Text only, exactly as given: reproduce the entries below without their pictures.

#### Records to process ####

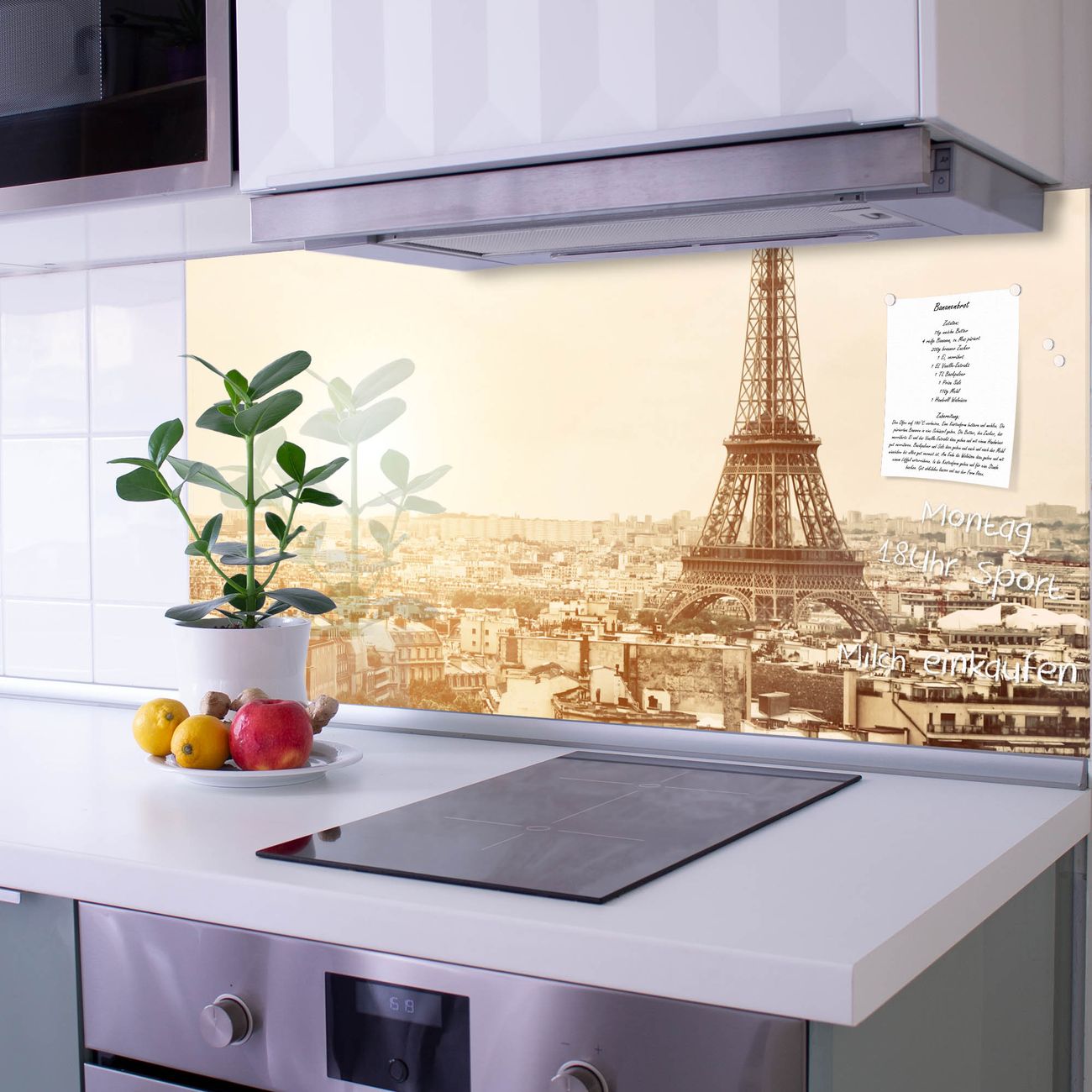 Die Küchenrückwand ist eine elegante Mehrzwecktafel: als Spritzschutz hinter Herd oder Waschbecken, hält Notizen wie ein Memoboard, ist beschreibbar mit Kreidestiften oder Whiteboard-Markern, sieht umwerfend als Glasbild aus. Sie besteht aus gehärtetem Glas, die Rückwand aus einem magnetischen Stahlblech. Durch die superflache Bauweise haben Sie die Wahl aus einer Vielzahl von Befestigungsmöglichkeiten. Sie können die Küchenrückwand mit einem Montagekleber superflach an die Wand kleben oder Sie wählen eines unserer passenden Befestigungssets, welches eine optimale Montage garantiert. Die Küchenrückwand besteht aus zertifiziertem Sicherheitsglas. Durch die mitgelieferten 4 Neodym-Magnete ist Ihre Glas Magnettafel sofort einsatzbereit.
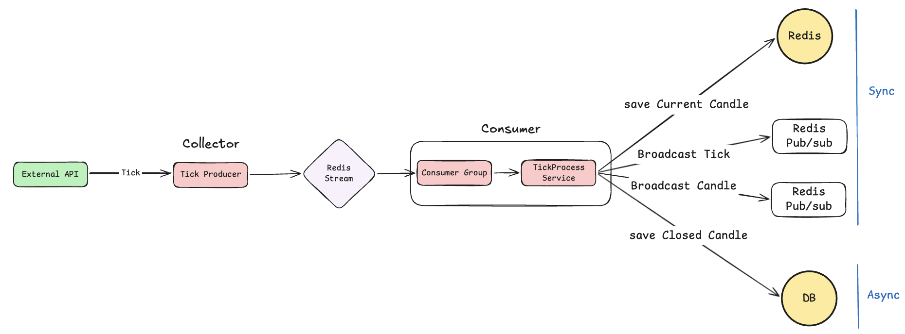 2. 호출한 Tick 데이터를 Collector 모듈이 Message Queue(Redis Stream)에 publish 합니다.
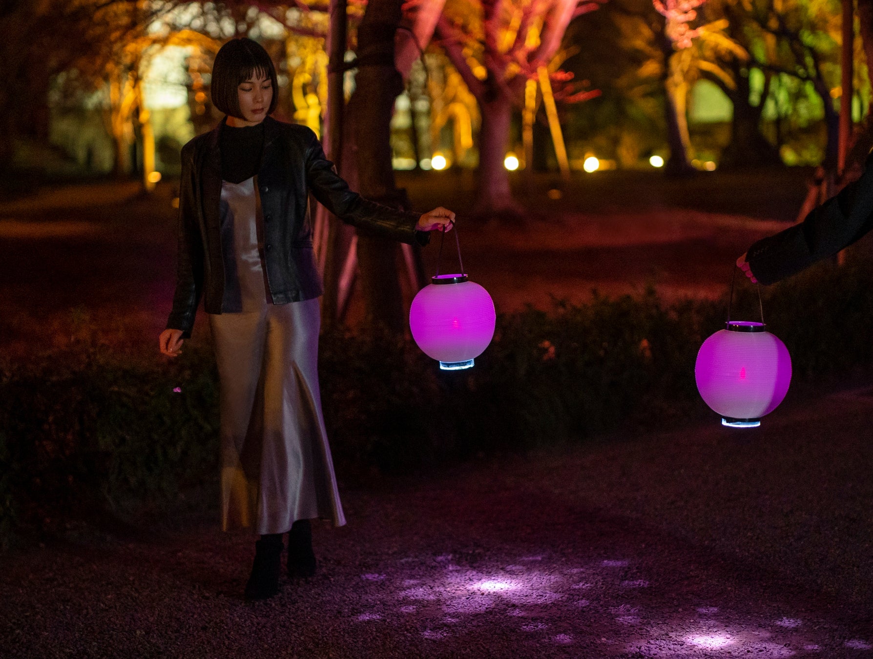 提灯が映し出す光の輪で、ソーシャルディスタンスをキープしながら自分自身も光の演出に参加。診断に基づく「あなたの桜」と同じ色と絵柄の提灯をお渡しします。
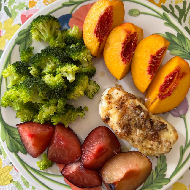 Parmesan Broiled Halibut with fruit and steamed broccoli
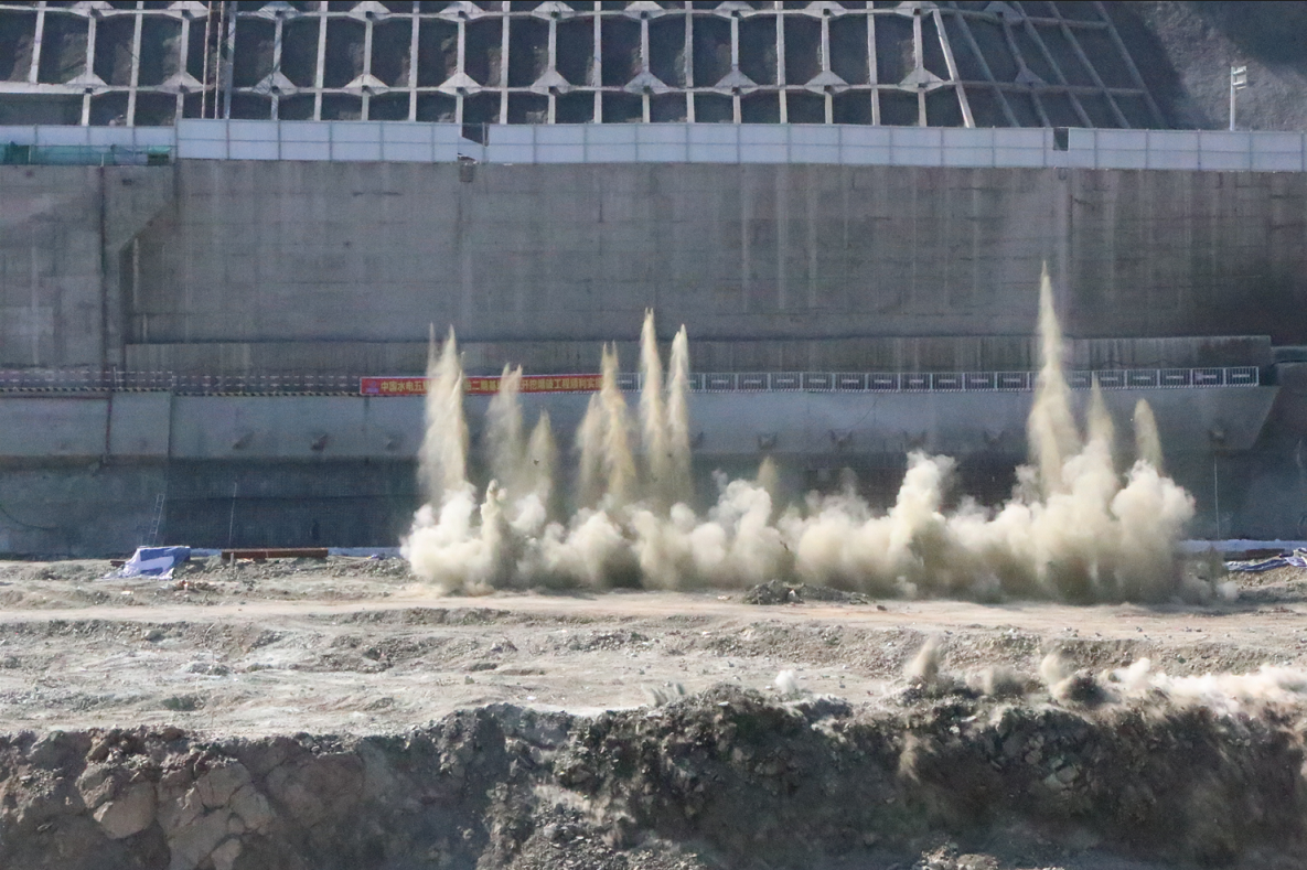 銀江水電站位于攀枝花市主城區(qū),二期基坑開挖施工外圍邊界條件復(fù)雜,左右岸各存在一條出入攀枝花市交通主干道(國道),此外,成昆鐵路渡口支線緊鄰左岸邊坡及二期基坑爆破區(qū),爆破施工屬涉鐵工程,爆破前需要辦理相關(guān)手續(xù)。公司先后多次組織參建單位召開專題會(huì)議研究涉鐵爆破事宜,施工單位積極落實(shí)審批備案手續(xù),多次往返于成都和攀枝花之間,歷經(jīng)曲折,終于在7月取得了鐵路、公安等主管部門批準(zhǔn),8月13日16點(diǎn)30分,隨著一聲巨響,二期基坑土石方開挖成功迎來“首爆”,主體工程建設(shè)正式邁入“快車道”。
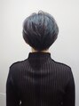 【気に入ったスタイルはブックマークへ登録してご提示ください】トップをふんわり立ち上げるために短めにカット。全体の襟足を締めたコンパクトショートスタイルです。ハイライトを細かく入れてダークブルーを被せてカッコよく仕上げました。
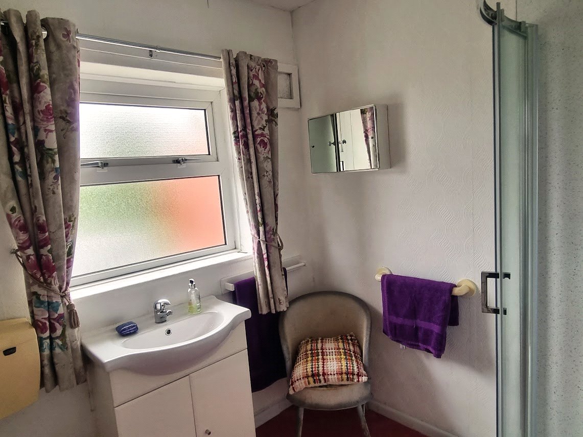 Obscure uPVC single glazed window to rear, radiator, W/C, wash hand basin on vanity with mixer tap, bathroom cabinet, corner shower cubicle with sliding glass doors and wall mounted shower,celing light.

####

— Answer —
 Die Küchenrückwand ist eine elegante Mehrzwecktafel: als Spritzschutz hinter Herd oder Waschbecken, hält Notizen wie ein Memoboard, ist beschreibbar mit Kreidestiften oder Whiteboard-Markern, sieht umwerfend als Glasbild aus. Sie besteht aus gehärtetem Glas, die Rückwand aus einem magnetischen Stahlblech. Durch die superflache Bauweise haben Sie die Wahl aus einer Vielzahl von Befestigungsmöglichkeiten. Sie können die Küchenrückwand mit einem Montagekleber superflach an die Wand kleben oder Sie wählen eines unserer passenden Befestigungssets, welches eine optimale Montage garantiert. Die Küchenrückwand besteht aus zertifiziertem Sicherheitsglas. Durch die mitgelieferten 4 Neodym-Magnete ist Ihre Glas Magnettafel sofort einsatzbereit.
 2. 호출한 Tick 데이터를 Collector 모듈이 Message Queue(Redis Stream)에 publish 합니다.
 提灯が映し出す光の輪で、ソーシャルディスタンスをキープしながら自分自身も光の演出に参加。診断に基づく「あなたの桜」と同じ色と絵柄の提灯をお渡しします。
 Parmesan Broiled Halibut with fruit and steamed broccoli
 銀江水電站位于攀枝花市主城區(qū),二期基坑開挖施工外圍邊界條件復(fù)雜,左右岸各存在一條出入攀枝花市交通主干道(國道),此外,成昆鐵路渡口支線緊鄰左岸邊坡及二期基坑爆破區(qū),爆破施工屬涉鐵工程,爆破前需要辦理相關(guān)手續(xù)。公司先后多次組織參建單位召開專題會(huì)議研究涉鐵爆破事宜,施工單位積極落實(shí)審批備案手續(xù),多次往返于成都和攀枝花之間,歷經(jīng)曲折,終于在7月取得了鐵路、公安等主管部門批準(zhǔn),8月13日16點(diǎn)30分,隨著一聲巨響,二期基坑土石方開挖成功迎來“首爆”,主體工程建設(shè)正式邁入“快車道”。
 【気に入ったスタイルはブックマークへ登録してご提示ください】トップをふんわり立ち上げるために短めにカット。全体の襟足を締めたコンパクトショートスタイルです。ハイライトを細かく入れてダークブルーを被せてカッコよく仕上げました。
 Obscure uPVC single glazed window to rear, radiator, W/C, wash hand basin on vanity with mixer tap, bathroom cabinet, corner shower cubicle with sliding glass doors and wall mounted shower,celing light.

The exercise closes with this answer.